INPUT RECORDS:
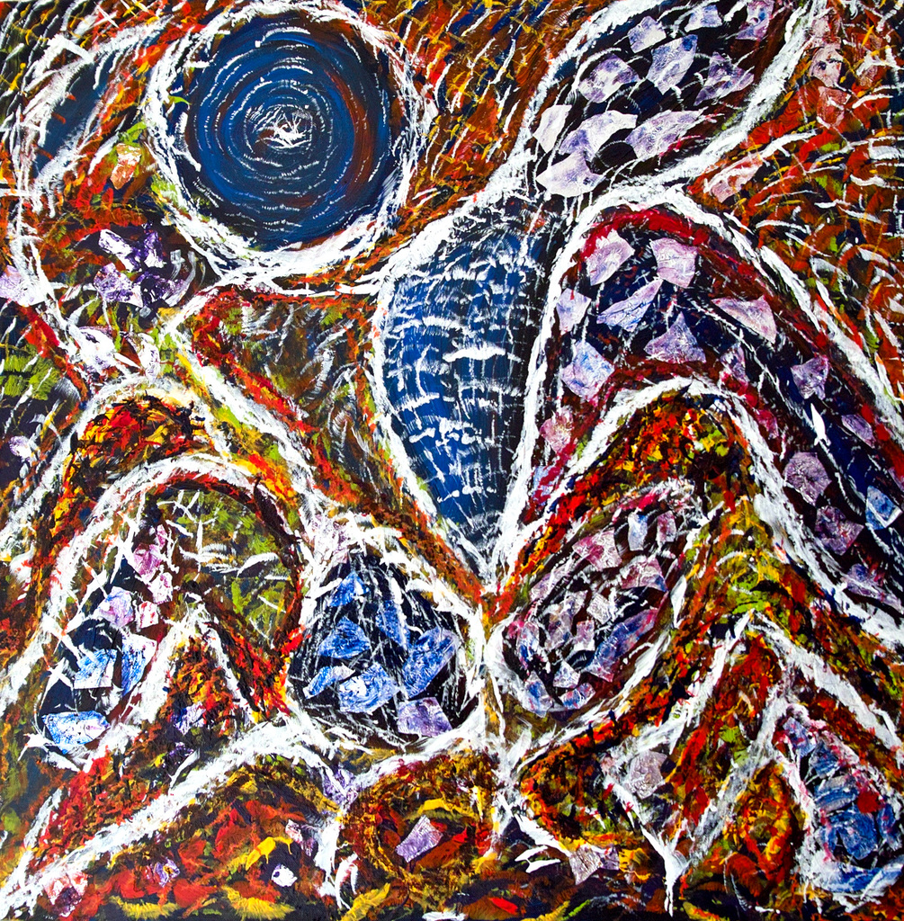 Geinspireerd op Aboriginal kunst. Acryl verf gecombineerd met aluminiumfolie en verschillende kruiden en thee.
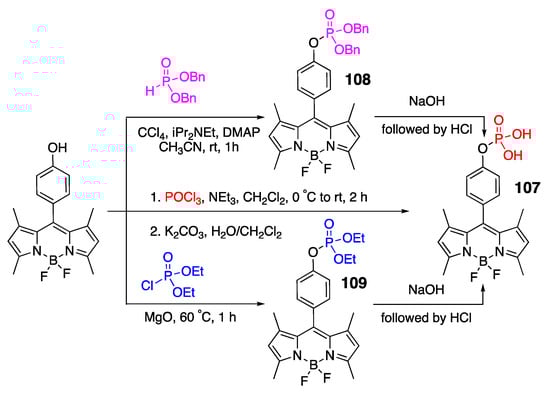 - Jacob, M.; Schmitt, A.; Jung, G. Disabling photoinduced electron transfer in 4,4-difluoro-8(-4’-hydroxyphenyl)-1,3,5,7-tetramethyl-4-bora-3a,4a-diaza-s-indacene by phosphorylation. J. Fluoresc. 2008, 18, 639–644. [Google Scholar] [CrossRef] [PubMed]
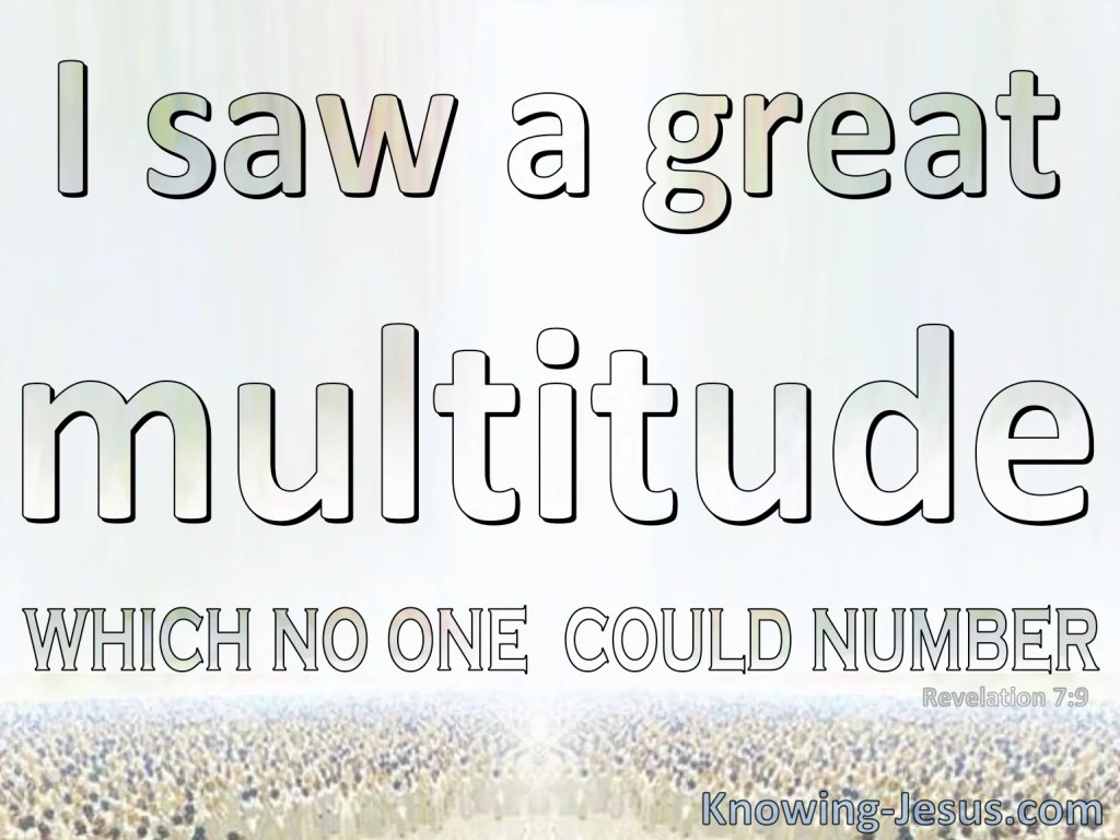 9-12 I looked again. I saw a huge crowd, too huge to count. Everyone was there—all nations and tribes, all races and languages. And they were standing, dressed in white robes and waving palm branches, standing before the Throne and the Lamb and heartily singing:
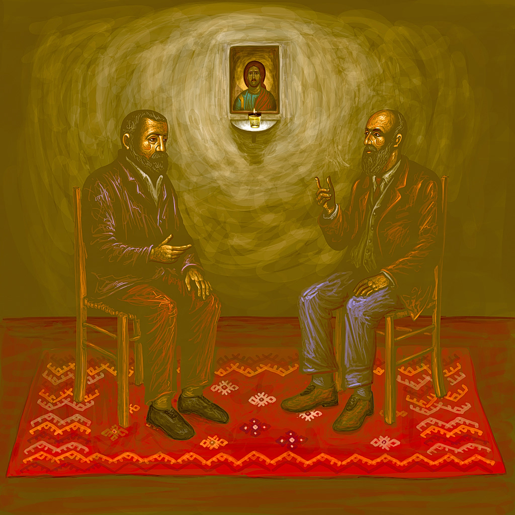 By Babis Pylarinos: Alexandros Papadiamantis and Alexandros Moraitidis, in Skiathos, in Humility, 2025, digital painting, 52 × 52 cm.
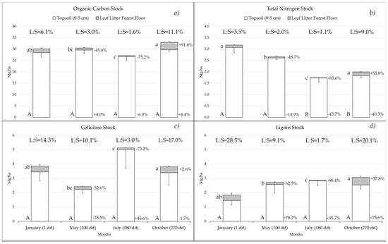 Dynamics of organic carbon (a), total nitrogen (b), cellulose (c) and lignin (d) stocks in the forest floor leaf litter (upper grey bars) and topsoil (lower white bars). Each bar is accompanied by the relative increase or decrease in the stock compared to January. The presence of significant differences between sampling per compartment was tested by the mean of a one-way ANOVA followed by a Tukey post-hoc test. Such differences are shown as lowercase letters for forest floor leaf litter and uppercase letters for topsoil. Bars which do not share a letter have significant differences (p < 0.05). At the top of each graph, the ratio between the stocks in the forest floor leaf litter and topsoil is shown. Months and decomposition days in the litterbag experiment (dd) are reported. L:S indicates the ratio between the stock in leaf litter forest floor and the topsoil.
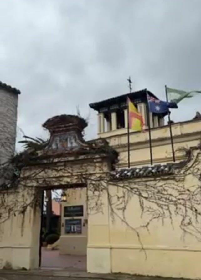 n exterior shot of a building on a cloudy day. The building has a stone tower and a wall with a gate. The wall is covered in vines. Three flags are flying on top of the building: the Spanish flag, the Australian flag, and the flag of Andalusia. A sign hangs inside the gate. The ground is paved with cobblestones. A person walks across the paved area.

REQUIRED WORK: Reproduce, word for word, everything in the listing above except the pictures.

TASK ANSWER:
 Geinspireerd op Aboriginal kunst. Acryl verf gecombineerd met aluminiumfolie en verschillende kruiden en thee.
 - Jacob, M.; Schmitt, A.; Jung, G. Disabling photoinduced electron transfer in 4,4-difluoro-8(-4’-hydroxyphenyl)-1,3,5,7-tetramethyl-4-bora-3a,4a-diaza-s-indacene by phosphorylation. J. Fluoresc. 2008, 18, 639–644. [Google Scholar] [CrossRef] [PubMed]
 9-12 I looked again. I saw a huge crowd, too huge to count. Everyone was there—all nations and tribes, all races and languages. And they were standing, dressed in white robes and waving palm branches, standing before the Throne and the Lamb and heartily singing:
 By Babis Pylarinos: Alexandros Papadiamantis and Alexandros Moraitidis, in Skiathos, in Humility, 2025, digital painting, 52 × 52 cm.
 Dynamics of organic carbon (a), total nitrogen (b), cellulose (c) and lignin (d) stocks in the forest floor leaf litter (upper grey bars) and topsoil (lower white bars). Each bar is accompanied by the relative increase or decrease in the stock compared to January. The presence of significant differences between sampling per compartment was tested by the mean of a one-way ANOVA followed by a Tukey post-hoc test. Such differences are shown as lowercase letters for forest floor leaf litter and uppercase letters for topsoil. Bars which do not share a letter have significant differences (p < 0.05). At the top of each graph, the ratio between the stocks in the forest floor leaf litter and topsoil is shown. Months and decomposition days in the litterbag experiment (dd) are reported. L:S indicates the ratio between the stock in leaf litter forest floor and the topsoil.
 n exterior shot of a building on a cloudy day. The building has a stone tower and a wall with a gate. The wall is covered in vines. Three flags are flying on top of the building: the Spanish flag, the Australian flag, and the flag of Andalusia. A sign hangs inside the gate. The ground is paved with cobblestones. A person walks across the paved area.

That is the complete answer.